By default argopy works with xarray.Dataset for Argo data fetcher, and with pandas.DataFrame for Argo index fetcher.

For your own analysis, you may prefer to switch from one to the other. This is all built in argopy, with the argopy.DataFetcher.to_dataframe() and argopy.IndexFetcher.to_xarray() methods.

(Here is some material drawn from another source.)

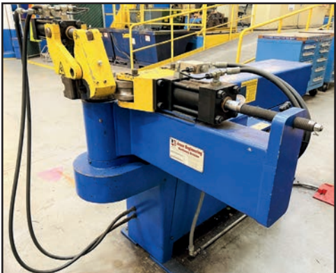
JESSE ENGINEERING T-65 TUBE BENDER

In [19]: ArgoDataFetcher().profile(6902746, 34).to_dataframe()
Out[19]: 
          CONFIG_MISSION_NUMBER  CYCLE_NUMBER  ... LONGITUDE                TIME
N_POINTS                                       ...                              
0                             2            34  ...   -58.119 2017-12-20 06:58:00
1                             2            34  ...   -58.119 2017-12-20 06:58:00
2                             2            34  ...   -58.119 2017-12-20 06:58:00
3                             2            34  ...   -58.119 2017-12-20 06:58:00
4                             2            34  ...   -58.119 2017-12-20 06:58:00
...                         ...           ...  ...       ...                 ...
104                           2            34  ...   -58.119 2017-12-20 06:58:00
105                           2            34  ...   -58.119 2017-12-20 06:58:00
106                           2            34  ...   -58.119 2017-12-20 06:58:00
107                           2            34  ...   -58.119 2017-12-20 06:58:00
108                           2            34  ...   -58.119 2017-12-20 06:58:00

[109 rows x 16 columns]

Saving data#

Once you have your Argo data as xarray.Dataset, simply use the awesome possibilities of xarray like xarray.Dataset.to_netcdf() or xarray.Dataset.to_zarr().